In our study, we compared postoperative abdominal complications among patients who had undergone VHR with biologic mesh placement using RBOR, NC-PADM, C-PADM, and BADM. We found that patients who had received RBOR experienced lower hernia recurrence and significantly lower overall complications compared with patients with other biologic mesh types. In this study, we are the first to preliminarily compare reinforced biologic to other biologic meshes for VHR, as well as to report the relative benefit of RBOR over purely biologic mesh types in VHR. The results of our study support the findings of the BRAVO study, and additionally demonstrate that the use of a hybrid reinforced mesh like RBOR may confer increased benefit to patients undergoing VHR compared to purely biologic mesh types.[16,17] The low rate of complications and hernia recurrence highlights the potential of reinforced biologic tissue matrices to improve outcomes in hernia repairs.

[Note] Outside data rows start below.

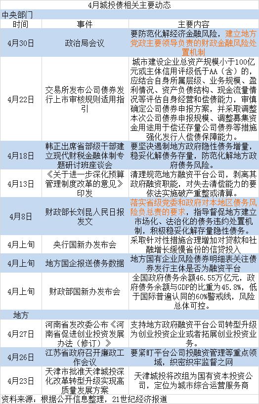 事件:中共中央政治局4月30日召开会议,分析研究当前经济形势和经济工作。会议提出,要防范化解经济金融风险,建立地方党政主要领导负责的财政金融风险处置机制。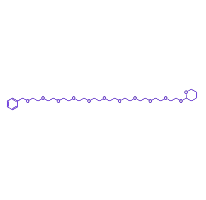 分子结构由三个协同作用的精密单元构成:苄基作为化学稳定基石,确保分子整体惰性与储存稳定性,同时提供通过催化氢解实现的正交脱保护或功能化路径,为构建非对称或刺激响应型智能分子提供双重设计维度;十聚乙二醇(PEG10)超长链作为核心间隔臂,在短链PEG优势基础上,将亲水性、水合层厚度、空间隔离能力及构象自由度推向新高峰,能为修饰对象提供接近理论极限的“隐形”保护,近乎完全抵抗蛋白质非特异性吸附和免疫系统识别;四氢吡喃(THP)作为可逆保护基团,可在温和酸性条件下efficient脱除,实现从稳定前体到高反应活性伯羟基的准确、瞬时转化。
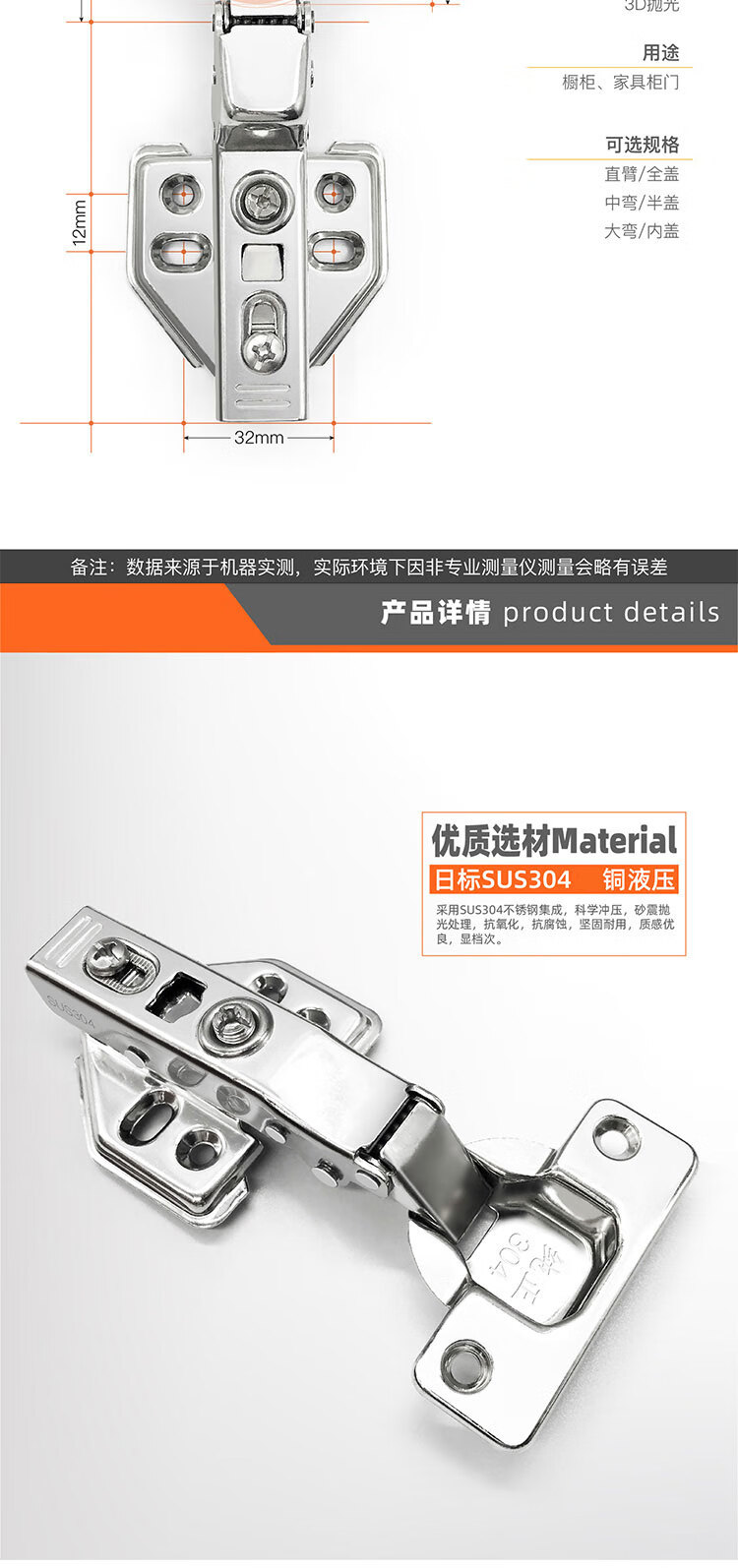 冰禹 液压铰链 BJhy-86 冷轧钢 固装 全盖=直弯 1个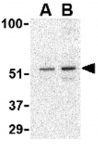 Western blot: Daudi cell lysate stained with ARG56843 anti-Perilipin 3 antibody at (A) 0.5 and (B) 1 µg/ml dilution.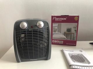 Calefactor Bestron Winter Warm en color gris. Incluye su caja original y manual de instrucciones. - Diseño compacto y moderno. - Dos niveles de potencia. - Termostato regulable.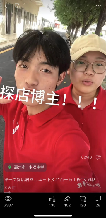 视频组的镜头下,精心编排的舞蹈小视频,如同精灵在永汉镇的每一个角落轻盈跳跃,用艺术的语言诉说着永汉的独特韵味。每一帧画面都洋溢着青春的活力与对美好生活的无限向往。而探店Vlog如同一位贴心的向导,引领着观众穿梭于永汉的街头巷尾,探寻那些隐藏于市井之中的美食珍馐与特色小店。视频组以独特的视角和细腻的情感,记录下每一次味蕾的惊喜。这些生动有趣的vlog,展现了永汉丰富的旅游资源与深厚的文化底蕴。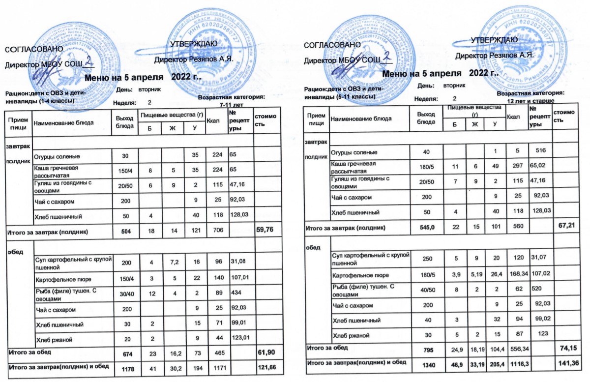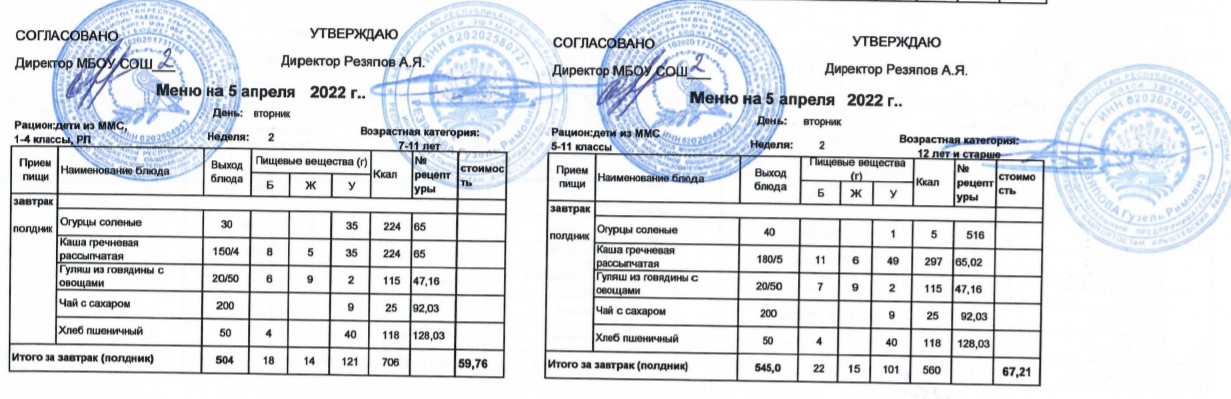 (Меню для детей из ММС, 1-11 классы, РП на 5 апреля 2022 года)

Limitations of our study include its retrospective nature and a relatively small sample size in each subgroup. As biologic mesh has proven to be particularly beneficial in the setting of complicated VHR, each subgroup included patients who had received prior hernia repairs. However, to analyze postoperative outcomes and recurrence rates with statistical robustness, we adjusted for differences in baseline characteristics using Poisson regression. Additionally, the presence of incarcerated hernia in a subset of our patients may have introduced a degree of outcome bias; however, the overall incidence of incarceration was low.

This is the first exploratory study to statistically compare postoperative complications and rates of hernia recurrence among four biologic mesh types in a sizeable patient cohort. This study provides valuable information for preoperative surgical planning and counseling of patients undergoing abdominal wall repair with biologic mesh implantation. Future studies should aim to prospectively compare the impact of biologic mesh type on postoperative complications in a randomized fashion.

CONCLUSIONS

Our data indicate that in patients undergoing abdominal wall repair, RBOR mesh decreases overall complications and hernia recurrence compared to those receiving NC-PADM, C-PADM, and BADM. Utilizing reinforced biologic meshes for VHR may lead to improved outcomes relative to current biologic mesh types.